Ondanks maatregelen die de voorbije twee regeringen genomen hebben om de werkloosheidsval te beperken (werkbonus voor lage lonen, jobkorting, …), blijft die dus nog altijd bestaan. Er is al iets gedaan, maar het is nog niet voldoende. In academische kringen werden al verschillende pistes gelanceerd. Belastingvrije sommen of een gerichte vermindering van werknemersbijdragen kunnen het loon van de laagverdieners opdrijven zonder de loonkosten te verhogen. En vorige week nog pleitten arbeidsmarktspecialisten Marc De Vos en Joep Konings voor het invoeren van een systeem van progressiviteit in de sociale bijdragen, waardoor alle lonen minder met bijdragen worden belast, maar de lagere lonen nog minder dan de hogere. Dat kan federaal geregeld worden. “Klopt,” zegt Luc De Bruyckere. “Maar je mag ook niet vergeten dat de arbeidsmobiliteit in Wallonië zeer laag ligt. Er zijn grote verschillen tussen noord en zuid, en daarom pleit ik voor een regionalisering van het arbeidsmarktbeleid. Maar het is voor mij geen fetisj. Als er federaal een gedifferentieerd beleid wordt gevoerd, kan ik me daar ook in vinden. Maar het is de voorbije twintig jaar niet gebeurd.”

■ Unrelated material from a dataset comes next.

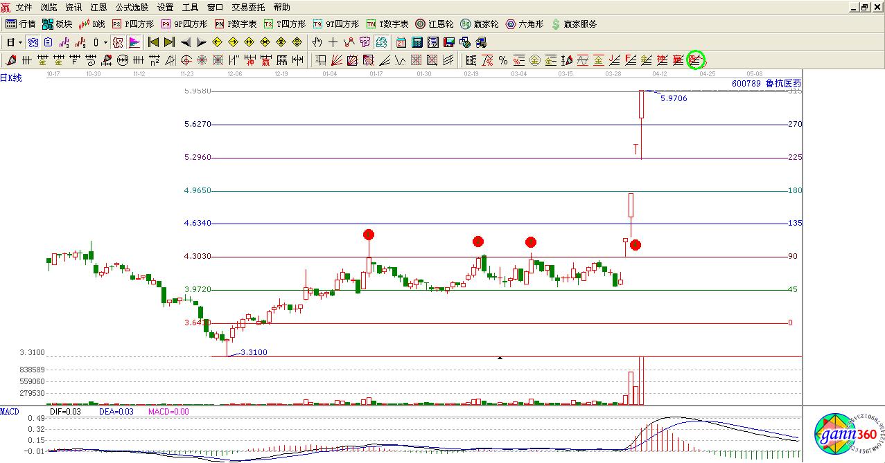 600789在2012-12-04日低點3.31位置上行至2013-01-15最高位置4.48位置這里4.30是其K線價格四方形90度位置壓力位置,然后展開了第一次回調調整至45度位置再一次上行在2013-02-22日第2次挑戰90度位置再一次遇阻回落明顯的45度位置強支撐最低位置都沒有碰到這里3.97位置在2013-03-06日第3次挑戰90度位置依然沒有結果。最為重要的是其2013-04-01日再其消息的刺激下(H7N9)禽流感。快速突破90度位置封死漲停。成功的完成了一個4次的突破,消息技術的結合無疑是最佳的介入點。之后伴隨著消息的持續性,連續4個交易日拉出4個漲停。實現了一次質的改變。這就是消息跟江恩4次的完美配合。所以下一次遇到江恩4次的股票,一定要注意了哦。特別是消息配合的股票。

De Bruyckere sluit zich ook aan bij de recente Voka-stelling dat een splitsing geen must is als de regio’s bereid zijn extra responsabilisering toe te laten. Regio’s die werklozen op een efficiënte manier aan het werk helpen en bepaalde targets qua tewerkstelling halen, zouden dan een bonus krijgen. Wie de doelstellingen niet haalt, moet (financieel) gesanctioneerd worden. “Regionalisering ligt bij mijn Waalse collega’s zeer moeilijk. Met het Voka-pleidooi voor meer responsabilisering kunnen ze makkelijker leven,” besluit De Bruyckere.